**About this exercise**
Word for word, restate the lines of the data below between those holding "Logica 03 4" and "Ink drawing of", inclusive; pictures do not belong in the copy.

**Recorded data**
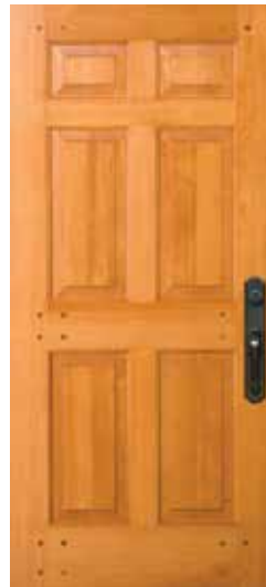
77130 RP Shown in Douglas fir
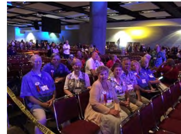
Relaxed and ready for a great year!
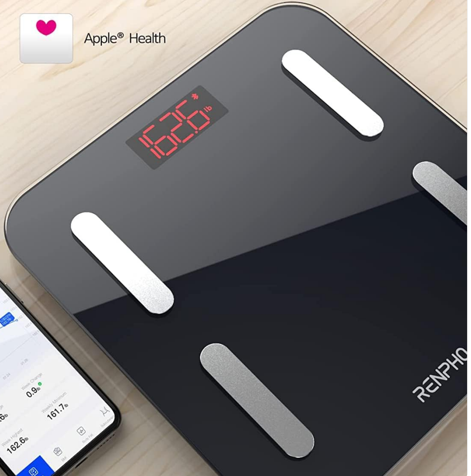
Image: Screenshot showing the Renpho Health app's compatibility with various third-party fitness applications.
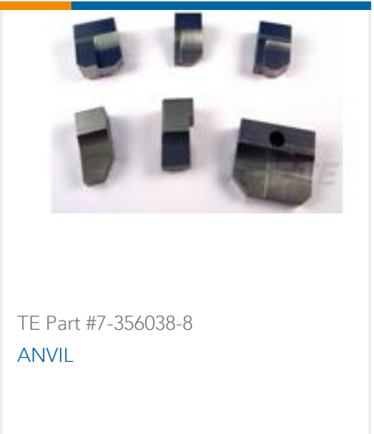
TE Part #7-356038-8 ANVIL
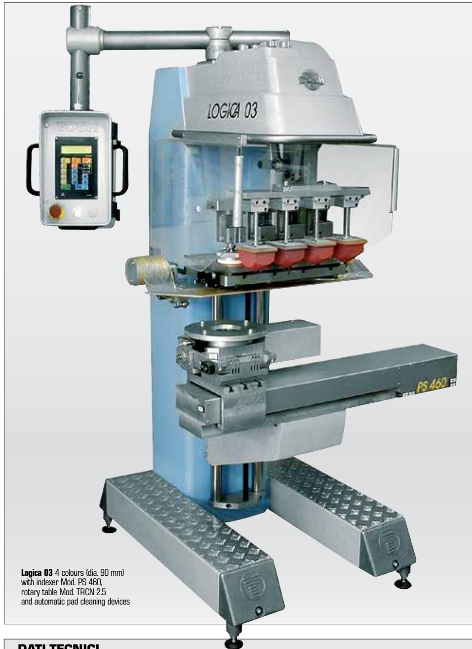
Logica 03 4 colours (dia. 90 mm) with indexer Mod. PS 460, rotary table Mod. TRCN 2.5 and automatic pad cleaning devices
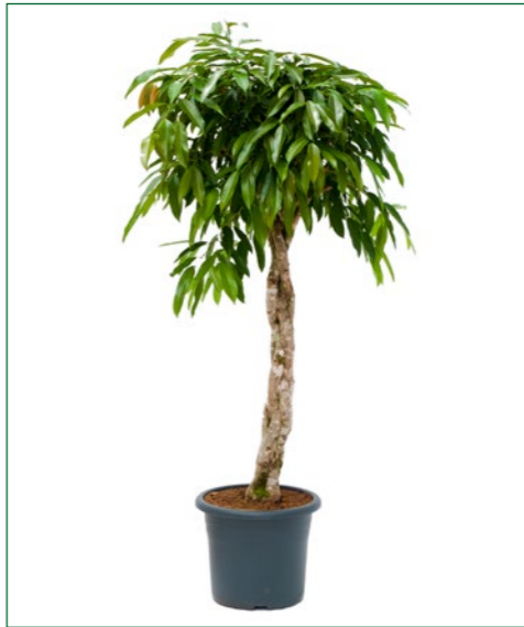
Artcode: 4FIAKGS07 Description: Ficus amstel king Form: Stem braided Pot: 40 Height: 180
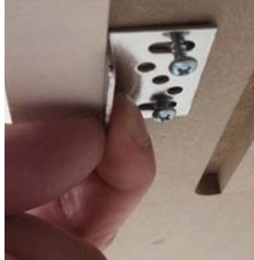
Slide L-bracket forward or backward so that the CAM arm is 1/8" or less away from the metal leg when in the locked position
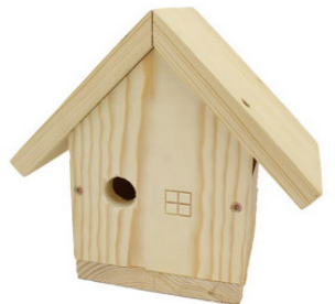
Figure 6: We created example objects to test the utility of our tools: a box with beveled joinery (top) and a birdhouse with peaked roof (bottom).
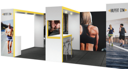
$9,500 Bondi 9462 $9,500
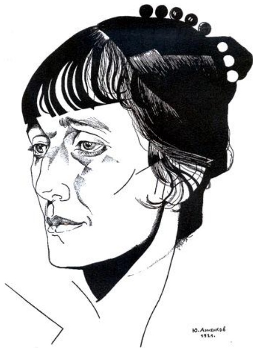
Ink drawing of Anna Akhmatova by Yuri Annenkov, 1921

Grimm). Both these books have long been out of print, so I was delighted when Penguin Classics agreed, after good reviews of the short story anthology, to commission me to compile a collection of Russian magic tales. Pushkin was one of the first Russian writers to take a serious interest in Russian folklore, so I knew at once that the book should begin with Pushkin, that it should include Afanasyev and that it should end with my translations of Platonov's skazki . There has always been a lot of interplay in Russia between high culture and folk culture, so it seemed right to include both genuine folk tales and literary re-tellings. As well as Pushkin and Platonov, I chose to include Pavel Bazhov, who has been hugely popular in Russia throughout the last seventy years. These three, I believe, are the only Russian writers who have truly entered into the heart of the folk tradition and then created afresh from within it. I have also included several stories of a somewhat different kind by Teffi, who retained a deep interest in Russian folklore throughout her life. Russian Magic Tales from Pushkin to Platonov will be published this December.
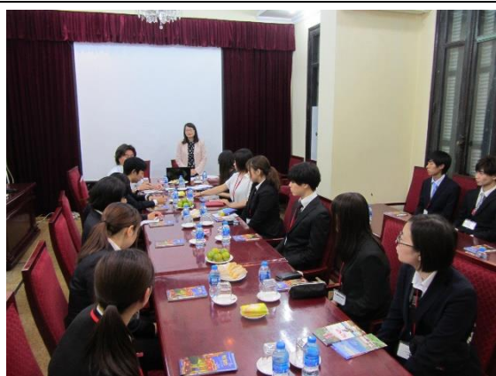
November 13th 【Courtesy Call】 Youth International Cooperation Development Center (CYDECO)
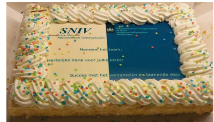
Figure 4: Incentive for participation.
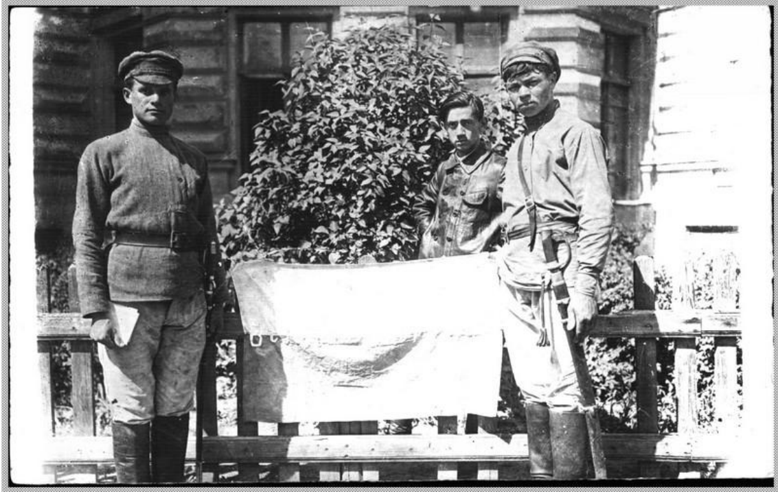
Red Army soldiers with a captured flag of the 1 st Cavalry Cossack regiment “Free Ukraine”

suggesting the flag was specifically associated with Svyryd Kotsur’s brother Petro. 33 In fact, the supposed photo of Makhno produced by Ostrovskii, which Makhno irritatedly rejected, bears a striking resemblance to Petro Kotsur.

**Reply to the exercise**
Logica 03 4 colours (dia. 90 mm) with indexer Mod. PS 460, rotary table Mod. TRCN 2.5 and automatic pad cleaning devices
Artcode: 4FIAKGS07 Description: Ficus amstel king Form: Stem braided Pot: 40 Height: 180
Slide L-bracket forward or backward so that the CAM arm is 1/8" or less away from the metal leg when in the locked position
Figure 6: We created example objects to test the utility of our tools: a box with beveled joinery (top) and a birdhouse with peaked roof (bottom).
$9,500 Bondi 9462 $9,500
Ink drawing of Anna Akhmatova by Yuri Annenkov, 1921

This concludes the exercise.